Firstly, the bourgeoisie no longer has the economic leeway to make social concessions. The movement of 1968 was triggered, in part, by the first major post-war recession in 1966, which led to the end of the Bretton Woods system in 1971 and a further recession in 1973. But the post-war boom had just reached its peak in this period. The bourgeoisie bought an end to the strikes and protests with significant improvements in wages and working conditions. The universities were substantially expanded to get the rebellious youth off the streets.
Such reforms within a national framework are no longer possible today. The global struggle for competitiveness and the domination of international financial markets over every aspect of production has initiated a ruthless race to the bottom.

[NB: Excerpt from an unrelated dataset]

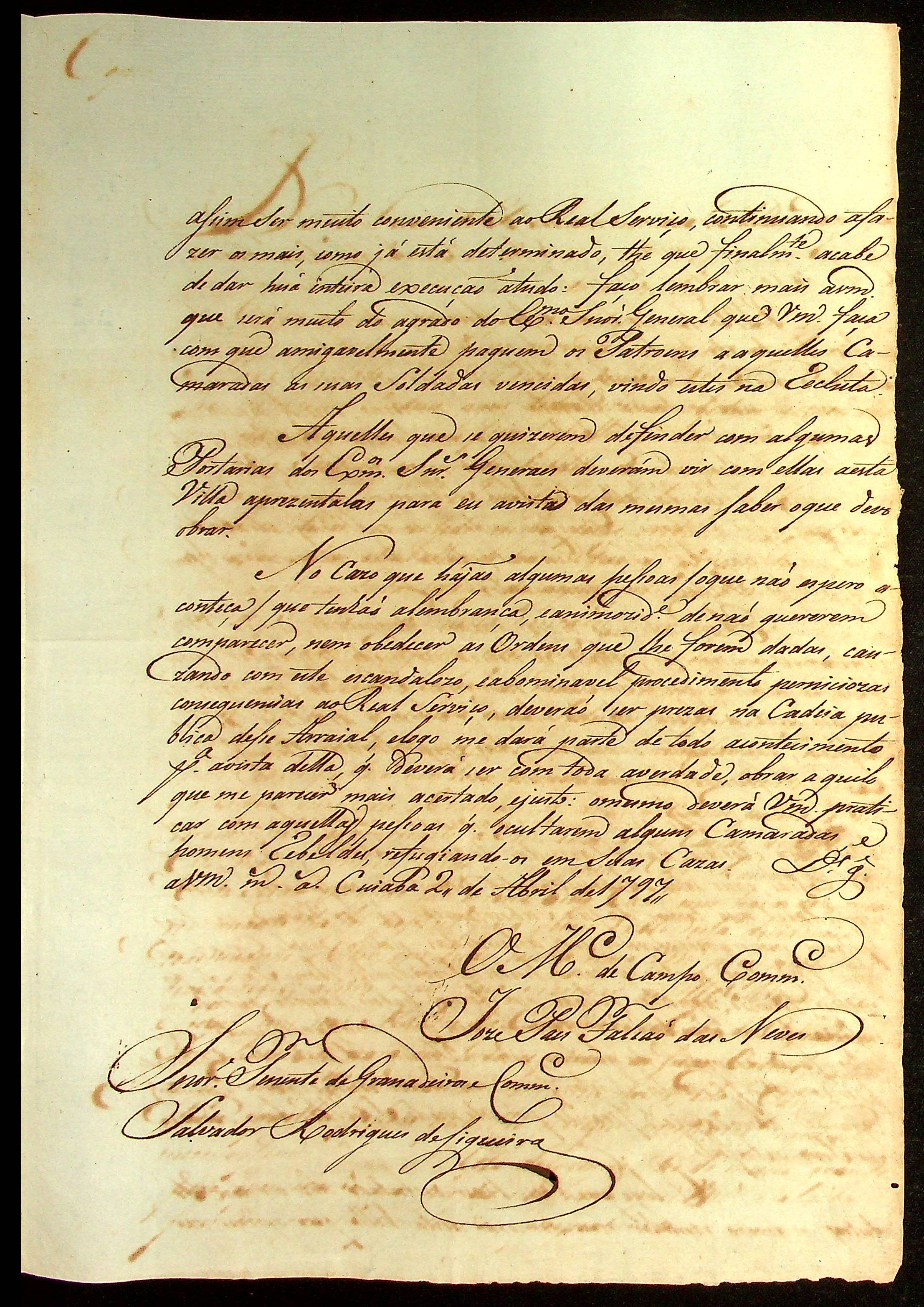 CARTA (cópia) do Mestre de Campo José Paes Falcão das Neves ao Tenente de Granadeiro e Comandante Salvador Rodrigues de Siqueira.

Secondly, the Stalinist and social democratic organisations, which had millions of members half a century ago and secured capitalism’s survival, are now widely discredited. The Soviet Union no longer exists, after it was dissolved by the Stalinist bureaucracy. China has been transformed into a haven for capitalist exploitation of the working class by the Maoist Communist Party. Like other social democratic parties, France’s Socialist Party has collapsed and Germany’s SPD is in free-fall. The trade unions have been transformed into co-managers, who organise job cuts and are hated by the workers.
The pseudo-left organisations, which isolated the International Committee in 1968, have integrated themselves into the bourgeois state and its institutions. They support the attacks on the working class and imperialist wars. This is shown most clearly of all in Greece, where the “Coalition of the Radical Left” (Syriza) assumed responsibility for decimating the living standards of the working class on behalf of the international banks. The coming class struggles will develop in a rebellion against these bureaucratic organisations and their pseudo-left appendages, which have become a trap for the working class.
The International Committee of the Fourth International and its historic struggle against Stalinism, social democracy, Pabloite revisionism, and other forms of petty bourgeois pseudo-left politics will prove decisive in arming the working class for these struggles. Its ability to predict the rightward trajectory of these tendencies and expose their role confirms that it is the Marxist party that must now be built. The ICFI and its French section, the Parti de l’égalité socialiste, is the only tendency that represents a socialist programme capable of uniting the working class in struggle against capitalism and war.
France before 1968
France in the 1960s is characterised by a profound contradiction. The political regime is authoritarian and deeply reactionary. Its personification is General de Gaulle, who appears to come from a different era and who models the Fifth Republic entirely on his person. De Gaulle is 68-years-old on his election as president in 1958, and 78 when he resigns in 1969. However, under the ossified regime of the old general, a rapid economic modernisation is taking place, fundamentally altering the social composition of French society.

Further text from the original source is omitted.